How Smarter Investment in Chapters Will Boost Your ROI

Learn key strategies and steps to improve your return on investment and how a smarter investment in chapters will help your association grow.
How Smarter Investment in Chapters Will Boost Your ROI

Association chapters and components are fertile ground for member engagement, but they can often prove to be a thorny management challenge. As associations examine the value of their component networks, they’re finding that skillful investment in supporting the success of chapters will drive bigger and better returns.

When the Consortium for School Networking sought to hire a full-time component relations coordinator in the autumn of 2016, it was looking for someone with the proverbial green thumb. Dresden Farrand, MPA, MPP, CAE, Senior Director of Membership and Chapters at CoSN, based in Washington, DC says.

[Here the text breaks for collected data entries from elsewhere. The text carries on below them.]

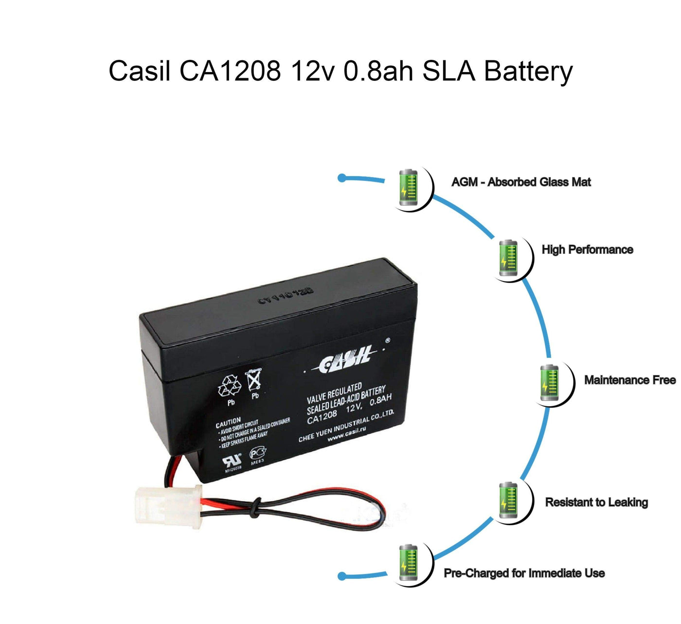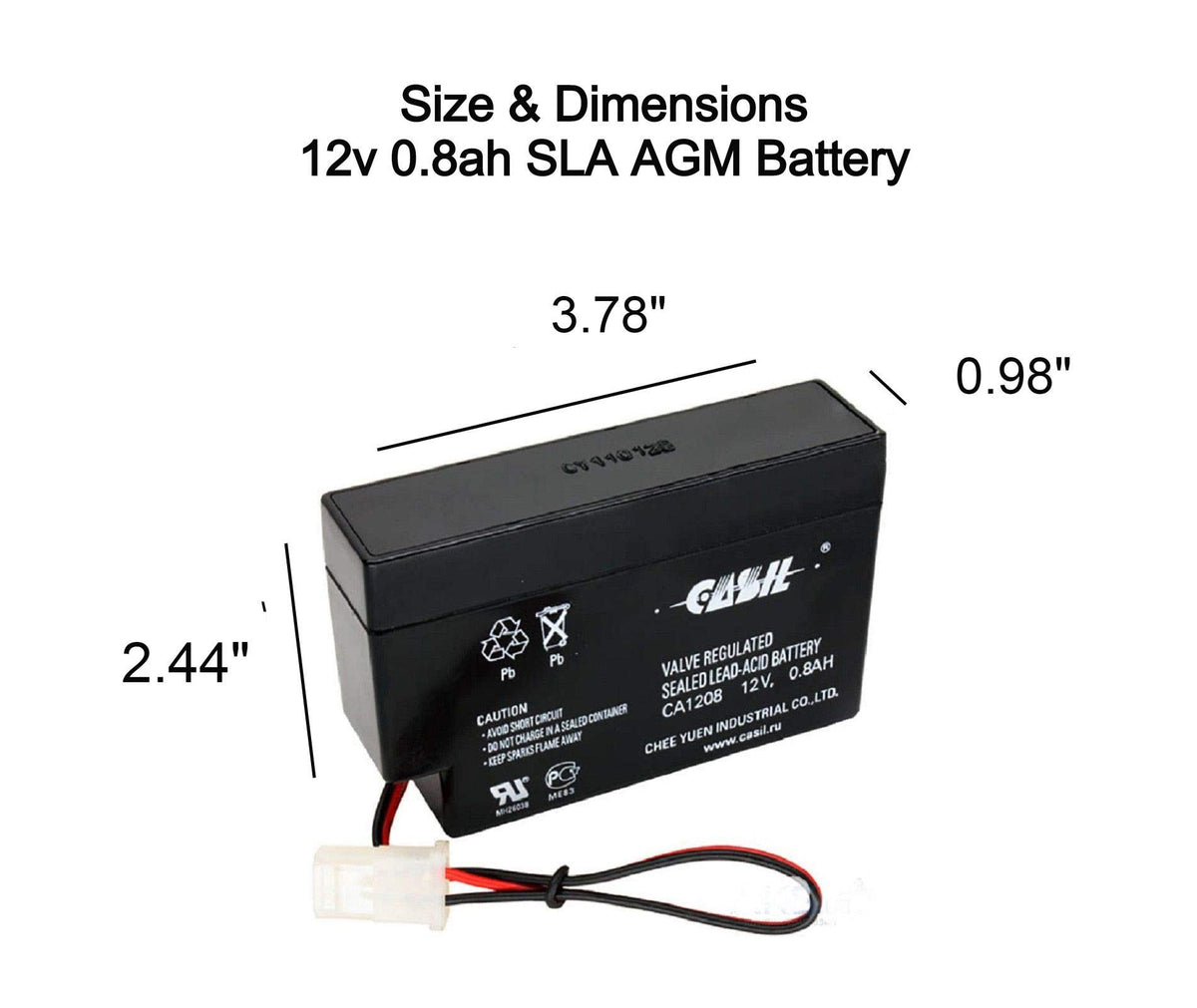 12V 0.8Ah Sealed Lead Acid Rechargeable Replacement Battery By Casil Ca1208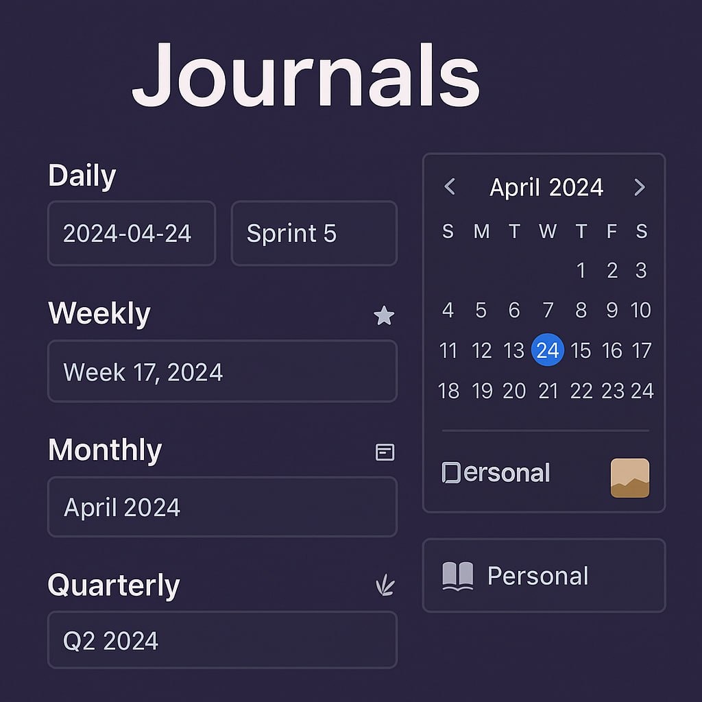 📆 Journals Незаслуженно обделенный вниманием плагин (всего 68К скачиваний). Если вы активно пользуетесь ежедневными заметками и чувствуете, что вот чего-то где-то как-будто не хватает - этот плагин вылечит вашу грусть 🙂 Смысл такой же, как и у привычной связки Calendar + Periodic Notes, но сделано это все в разы удобнее, функциональнее, и обновляется регулярно, в отличие от... Итак - Journals это плагин, который помогает вести регулярные повторяющиеся заметки. Поддерживаются разные виды журналов: ежедневные, недельные, месячные, квартальные, годовые и произвольные периоды (например, спринты). Ключевые возможности *⃣Журналы разных типов: daily / week / month / quarter / year / custom. *⃣Множественные журналы — можно завести разные журналы под работу, личную жизнь, проекты. И что очень круто - при клике на календарь, если у вас к примеру для ежедневных заметок заведено несколько журналов, плагин спросит - какой именно журнал использовать, и применит нужный шаблон и создаст заметку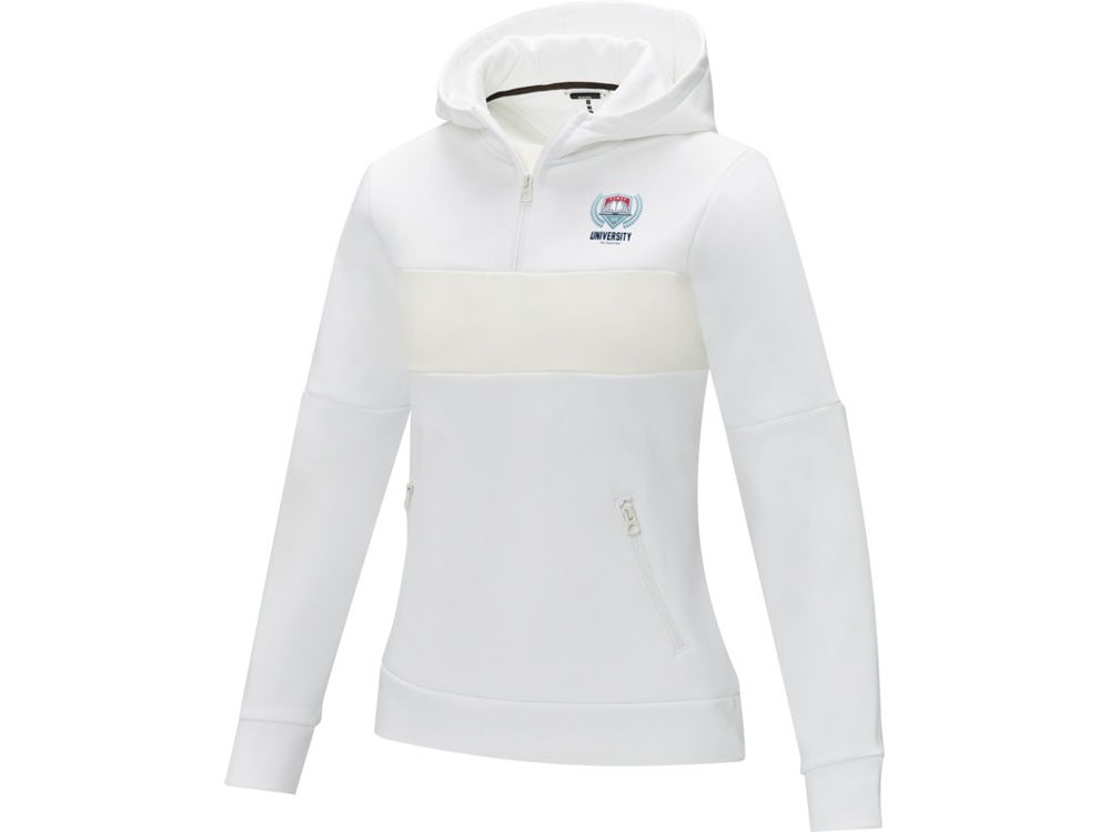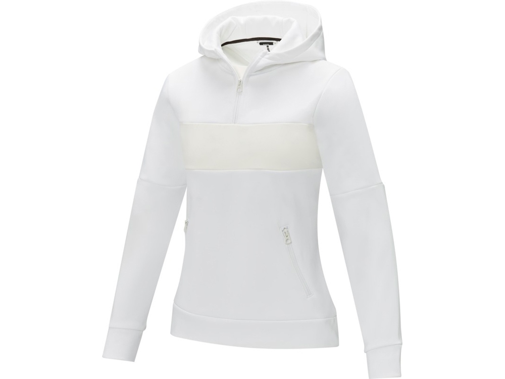 Женский свитер анорак Sayan на молнии на половину длины с капюшоном, белый купить оптом и в розницу с нанесением логотипа в Нижнем Новгороде

“I look at component relations as gardening. And you have to take care of your garden in order for it to grow. It needs key ingredients like water, sunshine, good soil. Some people talk or sing to their plants.”

Indeed, gardening is a labor of love and an apt metaphor for the work of association component relations. Plants are living creatures, and fostering their growth is as much art as science. Component relations professionals are familiar with that kind of challenge. In Mariner Management & Marketing LLC’s 2016 Chapter Benchmarking Study: A View of Association Chapters & Geographic Components, finding after finding showed a broad mix of chapter structures, financial arrangements, membership requirements, training practices, and staff support present in associations with chapter systems.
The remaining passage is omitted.